Mu Shiying (1912 – 1940), che abbiamo già conosciuto per la descrizione della rombante Shanghai degli anni Trenta, ci mostra qui l’altra faccia della luna: la Cina povera, sconvolta dalle violenze di quegli anni, che distruggono le famiglie e mettono duramente alla prova la proverbiale resilienza della gente comune. Un racconto in due puntate. Simili a foglie autunnali gialle come il sodio che vanno alla deriva, una montagna e un’altra montagna, un corso d’acqua e un altro corso d’acqua — eravamo due persone.
Con una coppia di batacchi di legno ed un violino a due corde, insieme cantavamo Lianhualao attraverso questa città: davanti alle porte in vimini delle capanne, davanti agli intarsi sui cancelli pitturati di nero al centro dei muri dei palazzi, nelle strade, nella sala degli esami. Davo a lei la singola monetina, la coppa di zuppa densa, la ciotola di riso freddo — eravamo due persone.
Proprio così, eravamo due persone, ma lei ieri è morta.
Era venti anni fa, a quel tempo i miei capelli erano ancora neri come i miei occhi, e i soldati attaccarono la mia casa. Essendo morta l’intera famiglia, mi misi a correre, totalmente ignaro di dove stessi andando. Corsi verso sud, quando fu sera ero davvero stanco, così corsi in quel capanno che mi stava di fronte. Lei si trovava all’interno, piangeva raccolte su sé stessa, piangeva singhiozzando. A quel tempo ero ancora timido, e mi sedetti un po’ distante. Lei mi guardò furtivamente, e abbassò il volume del pianto. Mi dissi: confortala! Questa ragazza si è ritrovata qui a piangere, in qualche modo.
«Non piangere, ragazza! Cos’hai da piangere!» le dissi, seduto in disparte.

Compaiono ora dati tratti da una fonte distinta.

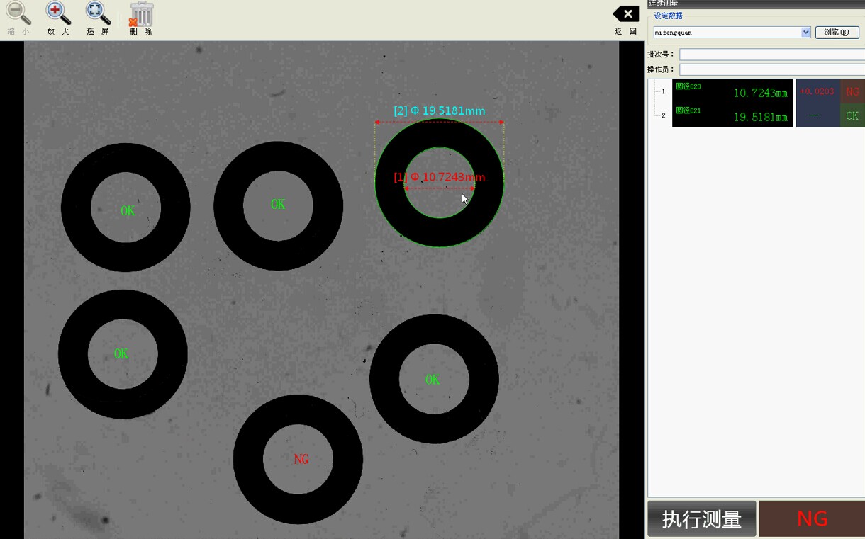 可以一次性在平臺上放置多個O型圈,對放置的位置無任何要求。軟件對每個工件的位置進行鎖定,一次性同時測量,大大提高測量效率。

Lei piangeva ancora, senza dire una parola, solo che piangeva un po’ più forte. Non è forse una cosa assurda? Non osai parlare di nuovo. Guardai fuori dal capanno, ma non osavo guardare lei. Il cielo era scuro, e una luna ricurva illuminava quei campi. Né vicino, né in lontananza riuscivo a scorgere un fuoco. Un cane nero che stava fuori dal capanno mi guardava; mi ricordo ancora del cane nero. Anche noi, a casa, avevamo un cane nero, la nostra mucca era bianca, ed avevamo anche un gallo nero dal piumaggio bellissimo: volevamo ucciderlo e per tre anni non abbiamo avuto il coraggio di farlo. Avevamo anche un gatto macchiato: mia sorella lo amava particolarmente, papà detestava particolarmente ammettere che che il gatto prendeva il cibo di nascosto, infatti mamma voleva bene a mia sorella, papà ne voleva a me. Quel gatto macchiato rubava le cose per mangiarle e papà voleva tagliargli la testa. Mia sorella lo abbracciava, immobilizzandolo, e allora papà la picchiava; mamma sentiva lei che piangeva e allora picchiava me, e appena io facevo baccano, papà e mamma iniziavano a litigare. Ma dove era andato papà? Dove erano andate la mamma e mia sorella? E quel cane nero, quella mucca bianca, quel gatto macchiato? Dove erano andati, loro?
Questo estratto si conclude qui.